The Commission, through bilateral and multilateral trade agreements, has been working on the international scene to improve the fight against piracy and counterfeiting in third countries. Border controls have also been improved through the Customs Regulation. The 2004 Enforcement Directive set up a legal framework to address piracy and counterfeiting, giving more efficient tools to combat violations of intellectual property. For this to work effectively, it needs to be accompanied with various practical measures. Information gathering has to be improved – data is fragmented and incomplete. We are trying to improve this.

But perhaps even more important than the collection of information throughout the EU, we need to improve cooperation between Member States. Key players including custom authorities, police, national inspection services and intellectual property offices need to work together. Better cooperation between counterparts within their own territory is essential, including the sharing of best practices.

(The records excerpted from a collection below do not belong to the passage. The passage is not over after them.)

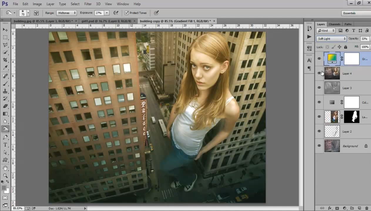 Фото-манипуляции в Photoshop - Девушка и небоскребы (2015)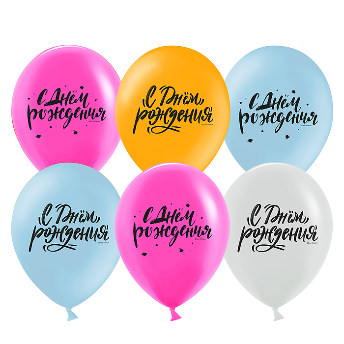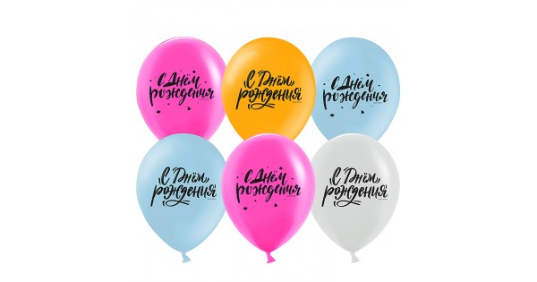 Шар (12''/30 см) С Днем Рождения! (шрифты), Ассорти, пастель, 2 ст, 25 шт.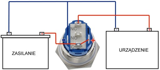Podłączone "NO" i "C": obwód jest zawsze otwarty, chyba że naciśniesz przycisk.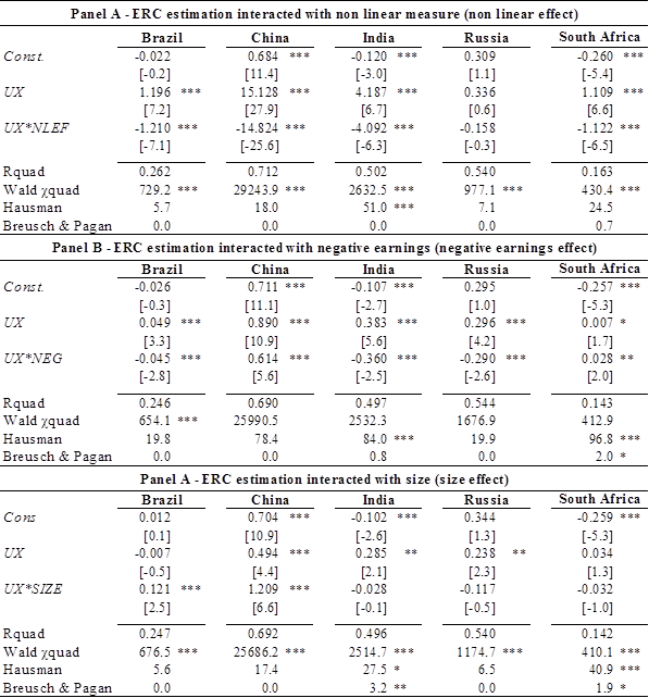 Additionally, this paper documents that controlling ERC estimation for time (annual) variation is important and that the nonlinear effect of unexpected earnings in ERC is a common trend in all evaluated countries (i.e. a negative and significant relationship between ERC and nonlinear effects was documented) with the exception of Russia. The negative earnings effect in ERC is documented in Brazil, India and Russia (i.e. a negative and significant relationship between ERC and unexpected losses was documented) while it does not hold true for China and South Africa. Only in China a significant effect of firm size in the way market agents incorporate earnings information in the long run is observed (i.e. only China showed a significant and positive effect of firm size on ERC).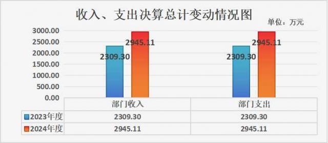 2024年度财政拨款收、支总计均为2945.11万元。与2023年度相比,财政拨款收、支总计各增加635.81万元,增长27.53%。主要变动原因是教师调入人数增多,学生人数增加,公用经费增加,增加了项目等原因。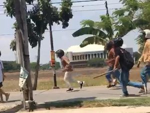 Video tawuran pelajar di GOR Dabonsia Bojonegoro viral di media sosial. Kericuhan itu diduga dipicu saling ejek saat pertandingan futsal antarpelajar.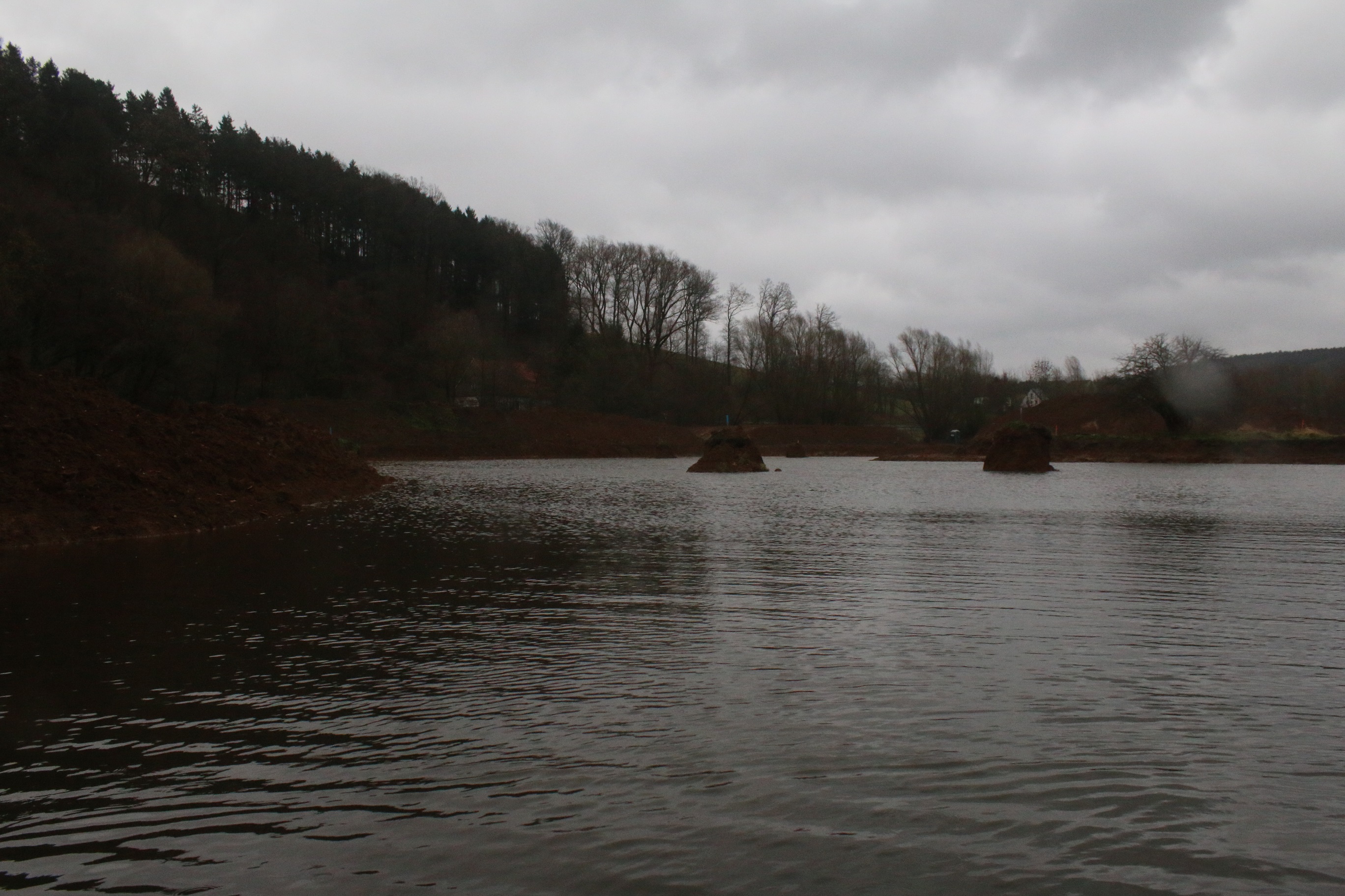 Die Röhrenbrücke wurde übrigens angelegt, damit die Bagger die Möhne überqueren können um dort die Renaturierung weiter voran zu treiben. Auf der linken Flussseite ist so ein riesiges Becken entstanden, dass man zur Zeit über einen kleinen Durchstich von der Möhne aus erreicht.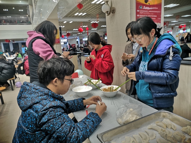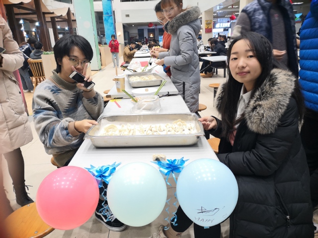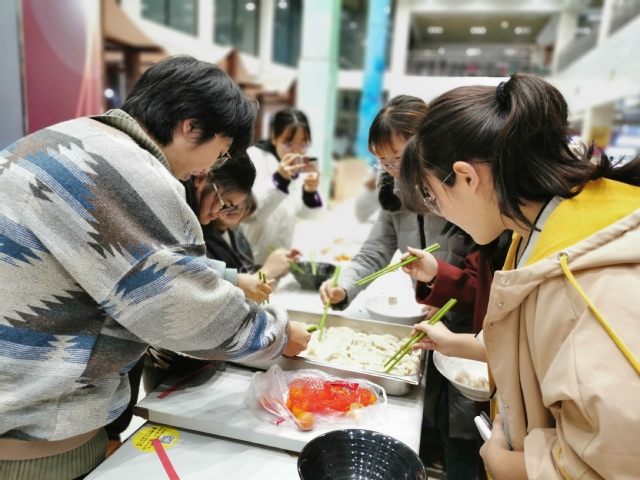 为了进一步弘扬民俗文化,丰富同学们的课余生活,增强班级凝聚力,德语192联合日语191班于12月22日晚在伟德国际1949始于英国奉贤校区第一食堂举办了一场主题为“冬至食堂,庚子情长——冬至饺子宴”的团建活动。19级辅导员侯月参加了活动。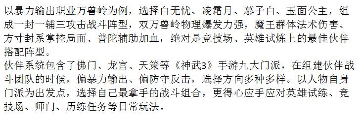 神武3手游最强伙伴搭配攻略,培养出最强的拍档!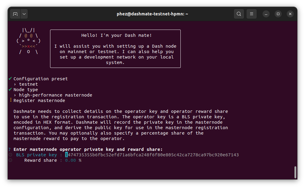 Enter an operator BLS private key. You can enter one you have created (e.g. using Dash Core) or received from a hosting provider. Optionally, use the one automatically generated by dashmate.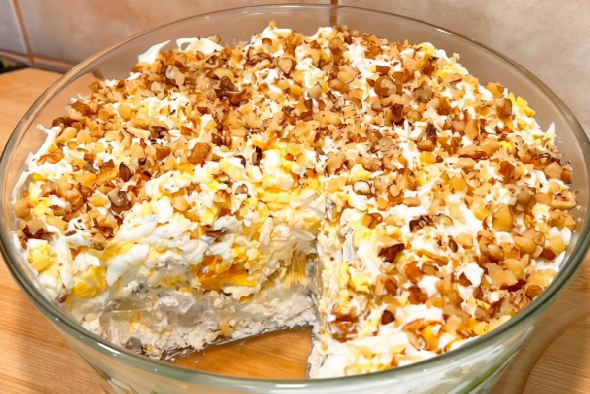 For decoration sprinkle the salad with chopped nuts and leave for 1 hour in the refrigerator.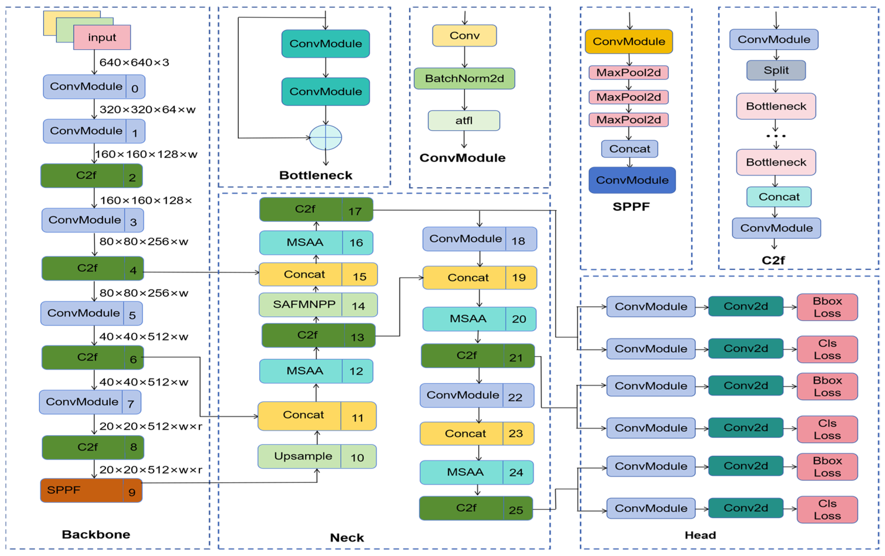 - To address the issue of weakened features for small targets against complex backgrounds, a Multi-Scale Attention Aggregation (MSAA) module is designed. In the spatial refinement path, multi-scale fusion helps retain fine-grained features of small objects, while the channel aggregation path enhances the model’s focus on channel information that is most relevant to the target. Together, these two mechanisms improve background suppression and effectively reduce interference from cluttered environments.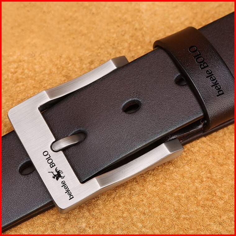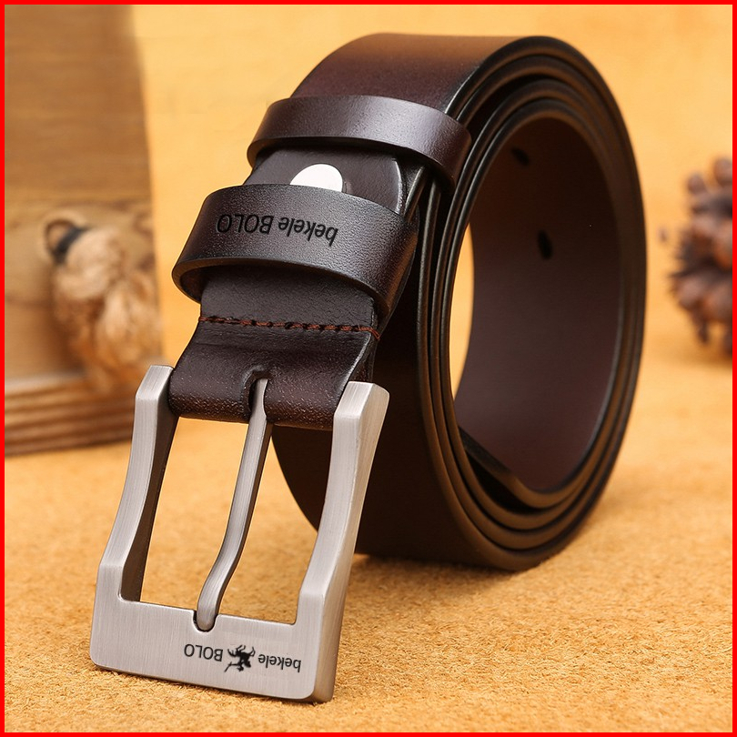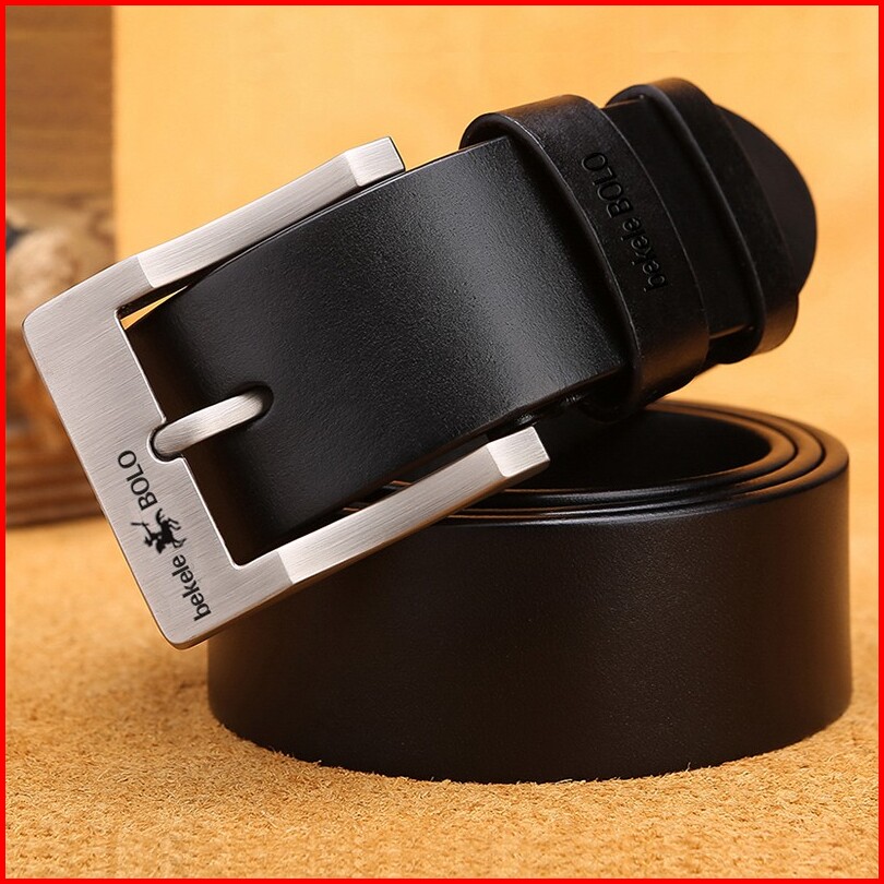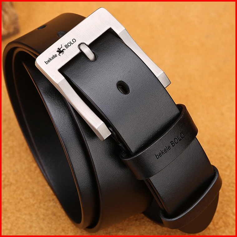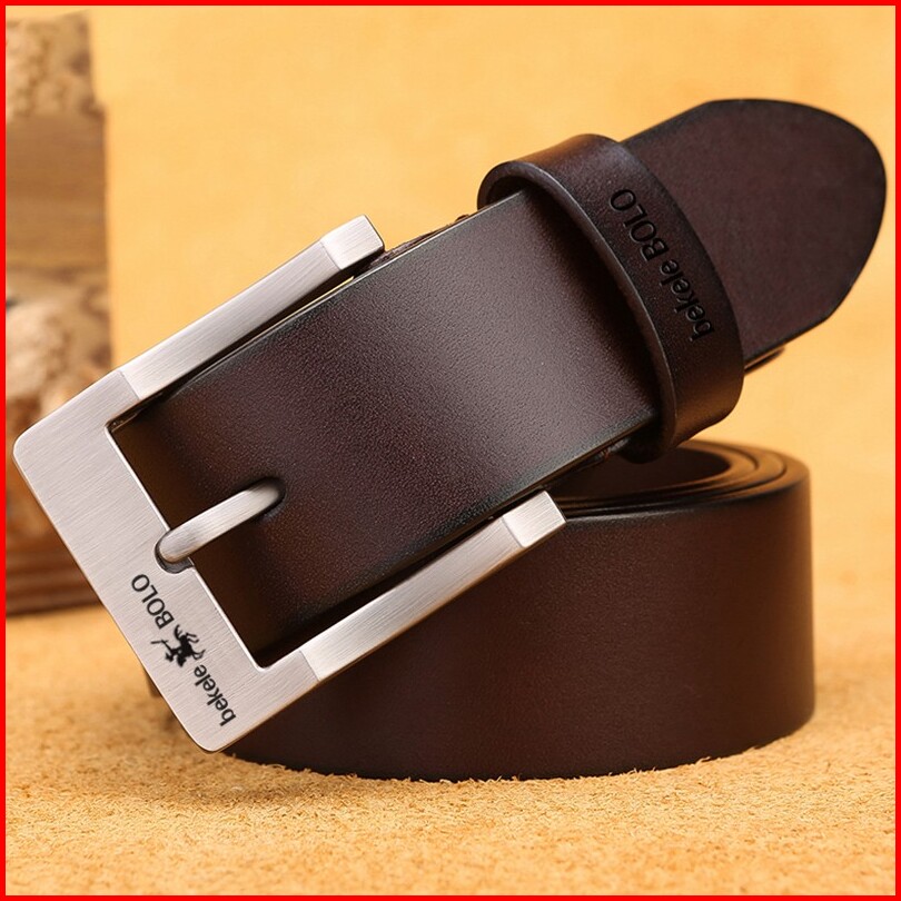 Bgs-009 Sabuk Pria Fashion Kulit Sapi 2lapisan Gaya Kancing Pin Klasik Sabuk Belt Cassual

The UK already has such a system up and running, where the Intellectual Property Office has become a local point of contact and coordination for key British players in the fight against fakes.

It is also important to improve and exchange information between Member States so that where counterfeited products are detected in one country, other States can be effectively and efficiently informed about it. The Commission will explore how to establish an effective network for administrative cooperation between all Member States to facilitate rapid exchange of information.

But I believe that industry sectors themselves are best placed to lead the battle of the fakes. It is industry that has the inherent knowledge to identify the fake products and to uncover the production and distribution network used to make and sell the counterfeits. Industry could do a lot to help themselves were they to unite in the fight by developing collaboration and mutual assistance models on the basis of stakeholder agreements. Industry should also partner the authorities and provide the technical expertise enabling the competent authorities to intervene.

Illegal downloading and the sale of counterfeit goods over the internet is another area where practical cooperation would be hugely beneficial. The industry needs agreements between themselves on filters, sanctions and standard reaction on repeated infringement. In the end, it is mainly up to the internet service providers and the rights holders to solve the problem of illegal downloading. I would encourage both sides to come together to find a pragmatic approach. Industry agreements and the voluntary exchange of information would be extremely useful - for example, who is pirating, what are they pirating and who is behind a site selling counterfeit goods. I am convinced that more legislation is not the solution here. The problem will have changed before any EU Regulations would be on the statue books. As Winston Churchill once said, “If you have ten thousand regulations you destroy all respect for the law”.

Today’s event is all about working out practical solutions. The Commission and my colleagues in the European Parliament are willing to assist in any way, but the real initiative and power is in your hands as stakeholders.

I would like to thank all who are participating in today’s conference – particularly our MEPs, Arlene McCarthy and the other moderators, Edith Herczog, Janelly Fourtou, Erika Mann and Malcolm Harbour. I would also like to welcome Mr Philippe Lacoste and Mr Leonardo Ferragamo who will address you shortly on what counterfeiting has done and continues to do to their family businesses. And I look forward to hearing the results of your discussions on the four areas of counterfeiting and piracy that are being addressed today – the economic dimension, the dangers for health and safety, international trade flows and internet piracy.

As I said, today’s conference is just a beginning. I expect to see real progress coming from today’s gathering.